Difficult to name a function or file? It might be doing too much or unrelated things.
If your script can be imported into other scripts, wrap your main function in a if __name__ == "__main__": block:
```
def main():
    ...

if __name__ == "__main__":
    main()
```

Why this construct? You can try to either import or run the following script:

if __name__ == "__main__":
    print("I am being run as a script")  # importing will not run this part
else:
    print("I am being imported")

Try to have all code inside some function. This can make it easier to understand, test, and reuse. It can also help Python to free up memory when the function is done.

Reading and writing files

Good construct to know to read a file:

with open("input.txt", "r") as file:
    for line in file:
        print(line)

Reading a huge data file? Read and process it in chunks or buffered or use a library which does it for you.
On supercomputers, avoid reading and writing thousands of small files.
For input files, consider using standard formats like CSV, YAML, or TOML - then you don’t need to write a parser.

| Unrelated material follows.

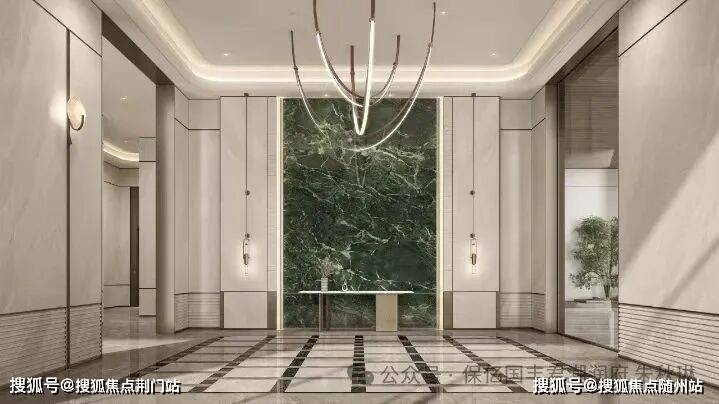 首层超高入户大堂,普拉达绿奢石背景墙
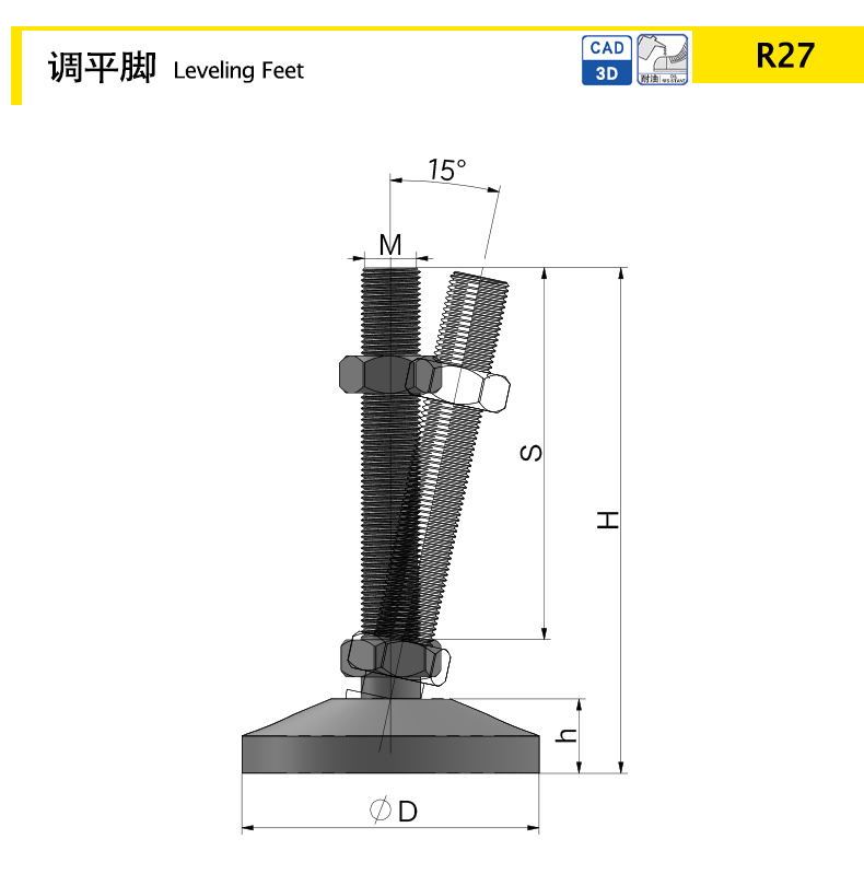 螺桿提供15度萬向調(diào)整,解除角度公差,使機(jī)器設(shè)備平穩(wěn)度更佳

Use subprocess instead of os.system

Many things can go wrong when launching external processes from Python. The subprocess module is the recommended way to do this.
os.system is not portable and not secure enough.

Parallelizing

Use one of the many libraries: multiprocessing, mpi4py, Dask, Parsl, …
Identify independent tasks.
More often than not, you can convert an expensive loop into a command-line tool and parallelize it using workflow management tools like Snakemake.